Comment 50 Rafael J. Wysocki 2010-06-10 22:35:02 UTC
Never mind, I managed to extract the DSDT after all.
Comment 51 Rafael J. Wysocki 2010-06-10 22:37:25 UTC
Created attachment 26721 [details]
Debug patch #2

Please apply this patch on top of the previous one and send the output of dmesg from a fresh boot.
Comment 52 Jaroslav Kameník 2010-06-11 08:42:54 UTC
Created attachment 26722 [details]
dsdt - f.08

HP released bios update (F.08), it did not help with kacpid but maybe there are changes..
Comment 53 Jaroslav Kameník 2010-06-11 08:44:49 UTC
Created attachment 26723 [details]
dmesg for comment #51
Comment 54 Rafael J. Wysocki 2010-06-11 15:30:32 UTC
Well, the last debug patch was too general, it seems, and we need some more precise information.  I'll do my best to prepare another debug patch for you in the next couple of days.

Apparently, GPE01 is legitimately enabled on your system, but we need to find out why it keeps firing.
Comment 55 Rafael J. Wysocki 2010-06-12 12:19:48 UTC
Created attachment 26741 [details]
Debug patch #3

Please apply this patch on top of the previous ones and attach the dmesg output (this can generate quite a lot of output).
Comment 56 Rafael J. Wysocki 2010-06-12 19:59:46 UTC
Created attachment 26746 [details]
Debug patch #4

Also please check if the problem is reproducible with the attached patch applied
(it shouldn't matter whether or not the previous patches are applied).
Comment 57 Jaroslav Kameník 2010-06-14 19:14:16 UTC
Created attachment 26770 [details]
dmesg for Comment #55
Comment 58 Rafael J. Wysocki 2010-06-14 20:06:44 UTC
This appears to be correct.

Please try the patch from comment #56, then.
Comment 59 Jaroslav Kameník 2010-06-14 20:14:20 UTC
(In reply to comment #56)

It seems to be OK with this patch applied;)

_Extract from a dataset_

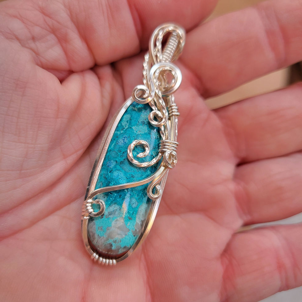 Chrysocolla in Quartz Silver Coated Solid Copper Pendant
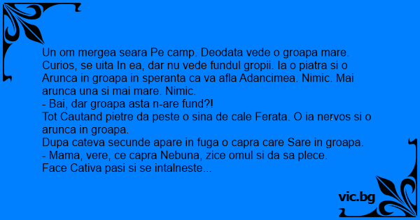 Un om mergea seara Pe camp. Deodata vede o groapa mare. Curios, se uita In ea, dar nu vede fundul gropii. Ia o piatra si o Arunca in groapa in speranta ca va afla Adancimea. Nimic. Mai arunca una si mai mare. Nimic. - Bai, dar groapa asta n-are fund?! Tot Cautand pietre da peste o sina de cale Ferata. O ia nervos si o arunca in groapa. Dupa cateva secunde apare in fuga o capra care Sare in groapa. - Mama, vere, ce capra Nebuna, zice omul si da sa plece. Face Cativa pasi si se intalneste cu un tip care-l Intreaba: - Nene, n-ai vazut capra mea? - Pai am vazut o capra care fugea ca nebuna si s-a aruncat Intr-o groapa. - Сuм a facut de-a scapat, Ca doar o legasem de ditamai sina de tren!

cat /sys/firmware/acpi/interrupts/gpe01 writes

       0        enabled

after boot, I can enable/disable it and it shows correct state and no interupt storm starts.
Comment 60 Rafael J. Wysocki 2010-06-14 23:40:38 UTC
OK, thanks for testing.  You can safely run with this patch applied.

The issue is that we call the BIOS to allow us to use the native PCIe PME
mechanism, which is coupled to the native PCIe hotplug.  Since the BIOS
allows us to use the registers of PCIe root ports directly, we do just that,
but then the BIOS gets confused and fires the hotplug notification.  So, in
fact we shouldn't try to use the native PCIe PME on your machine.

I'm not sure what the long-term solution of the problem will be chosen, but at
least we know what the problem _is_.
Comment 61 Rafael J. Wysocki 2010-06-15 19:59:52 UTC
Jaroslav, can you please test if the kernel works correctly on your machine,
without the patch from comment #56, if the pcie_pme=off kernel command line
switch is used?
Comment 62 Rafael J. Wysocki 2010-06-17 20:13:32 UTC
Created attachment 26830 [details]
PCI / PM: Do not use native PCIe PME by default

Please test the kernel with this patch applied without the previous patches
and report back.
Comment 63 Antoni Grzymala 2010-06-17 23:38:09 UTC
(In reply to comment #62)
> Created an attachment (id=26830) [details]
> PCI / PM: Do not use native PCIe PME by default
> 
> Please test the kernel with this patch applied without the previous patches
> and report back.

Works fine patched against the latest release candidate (2.6.35-rc3):

$ cat /sys/firmware/acpi/interrupts/gpe01
       0        enabled
Comment 64 Rafael J. Wysocki 2010-06-18 13:46:19 UTC
Thanks for the confirmation, I'll push the patch upstream shortly.
Comment 65 Zhang Rui 2010-06-21 07:00:15 UTC
Rafael, so this is introduced by the new pcie pme driver which is shipped in 2.6.34, right?
Comment 66 Rafael J. Wysocki 2010-06-21 18:09:20 UTC
Yes.  To be precise, by its initialization code.
Comment 68 Ozan Caglayan 2010-10-12 10:54:23 UTC
Hi,

I'm having a very similar problem with the same laptop running 2.6.36_rc6 but this time it's a kworker which consumes ~100% CPU.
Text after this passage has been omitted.